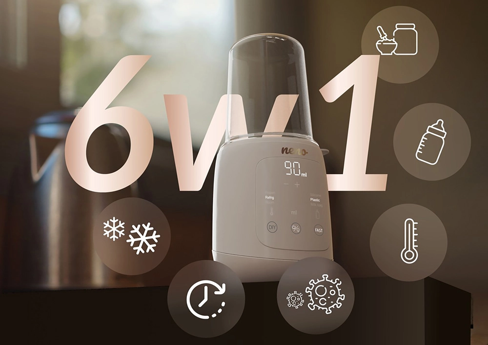 Ușurați hrănirea bebelușului cu dispozitivul multifuncțional Neno Tocco 6‑în‑1. Acest ajutor compact combină încălzirea laptelui, încălzirea piureurilor, decongelarea, sterilizarea cu abur, încălzirea rapidă și menținerea temperaturii. Datorită sistemului inteligent Smart Pro, alege automat timpul și temperatura ideale în funcție de volum, temperatura inițială și materialul recipientului. Panoul tactil intuitiv, lampa LED integrată pentru utilizare pe timp de noapte și designul elegant, minimalist, vor fi apreciate de orice părinte ocupat.
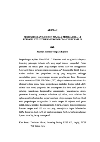 Pengembangan aplikasi MentalWell 1.0 dilakukan untuk menghadirkan layanan konseling psikologis berbasis web yang dapat diakses masyarakat. Fokus penelitian ini adalah pada pengembangan sistem back-end menggunakan framework Hapi.js untuk mengimplementasikan API berarsitektur REST dengan struktur modular dan pengelolaan routing yang terorganisir, sehingga memudahkan proses pengembangan maupun pemeliharaan kode. Keamanan sistem menerapkan JSON Web Token (JWT) sebagai mekanisme autentikasi dan otorisasi berbasis peran. Proses pengembangan dilakukan dengan metode Agile melalui enam iterasi, yang terdiri dari pembangunan fitur dasar untuk pasien dan psikolog, penambahan fungsionalitas administrator, pengembangan sistem pemesanan konseling, penerapan mekanisme soft delete, serta perbaikan dan optimalisasi fitur berdasarkan umpan balik hasil integrasi dengan front-end. Hasil akhir pengembangan menghasilkan 56 modul dengan 36 endpoint untuk peran publik, pasien, psikolog, dan administrator. Seluruh endpoint diuji menggunakan Postman dengan total 122 test case yang menunjukkan tingkat keberhasilan 100%, dan sistem back-end telah terintegrasi dengan front-end untuk mendukung layanan konseling daring secara penuh. Kata kunci: Kesehatan Mental, Konseling Daring, REST API, Hapi.js, JSON Web Token, Agile The development of MentalWell 1.0 was carried out to provide accessible web- based psychological counseling services for the public. This research focuses on the back-end system development using the Hapi.js framework to implement a REST-architectured API with a modular structure and organized routing management, thereby facilitating both development and maintenance processes. Security is ensured through the application of JSON Web Token (JWT) as the mechanism for role-based authentication and authorization.. The development process was conducted using the Agile method through six iterations, consisting of building basic features for patients and psychologists, adding administrator functionalities, developing the counseling booking system, implementing the soft delete mechanism, as well as improving and optimizing features based on feedback from front-end integration. The final outcome produced 56 modules with 36 endpoints for public, patient, psychologist, and administrator roles. All endpoints were tested using Postman with a total of 122 test cases that achieved a 100% success rate, and the back-end system has been fully integrated with the front-end to support online counseling services. Keywords: Mental Health, Online Counseling, REST API, Hapi.js, JSON Web Token, Agile
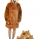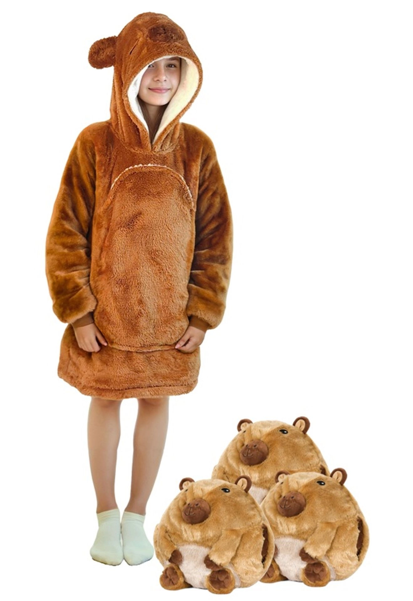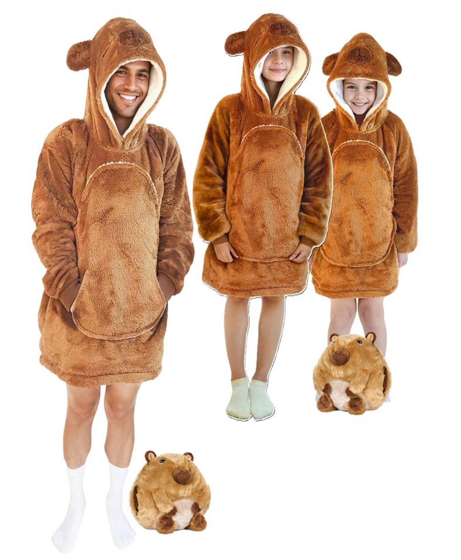 Den praktiske store hætte med dyreører og rumlige frontlomme varmer hænderne og gemmer småting. Takket være den oversize pasform sidder den behageligt og begrænser ikke bevægelsen – ideel til sofahygge, camping og kølige aftener på terrassen.
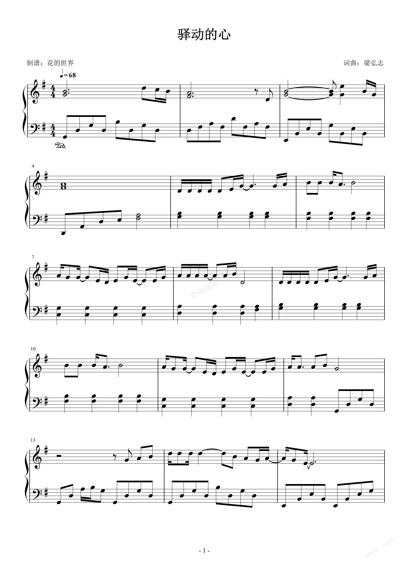 钢琴谱:驿动的心 简易版 姜育恒(粤语版祝福)
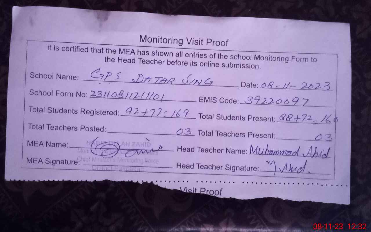 | EMIS Code: 39220097 | Name of School: GPS DATAR SINGH | |||
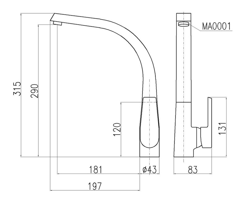 Монолитный корпус смесителя изготовлен из качественной латуни с гладким покрытием цвета хром.

· · · · · · ·

About this exercise: Print exactly, and only, the lines from the one with "Den praktiske store" through the last line of the listing above. No pictures belong in the copy.

Answer space:
 Den praktiske store hætte med dyreører og rumlige frontlomme varmer hænderne og gemmer småting. Takket være den oversize pasform sidder den behageligt og begrænser ikke bevægelsen – ideel til sofahygge, camping og kølige aftener på terrassen.
 钢琴谱:驿动的心 简易版 姜育恒(粤语版祝福)
 | EMIS Code: 39220097 | Name of School: GPS DATAR SINGH | |||
 Монолитный корпус смесителя изготовлен из качественной латуни с гладким покрытием цвета хром.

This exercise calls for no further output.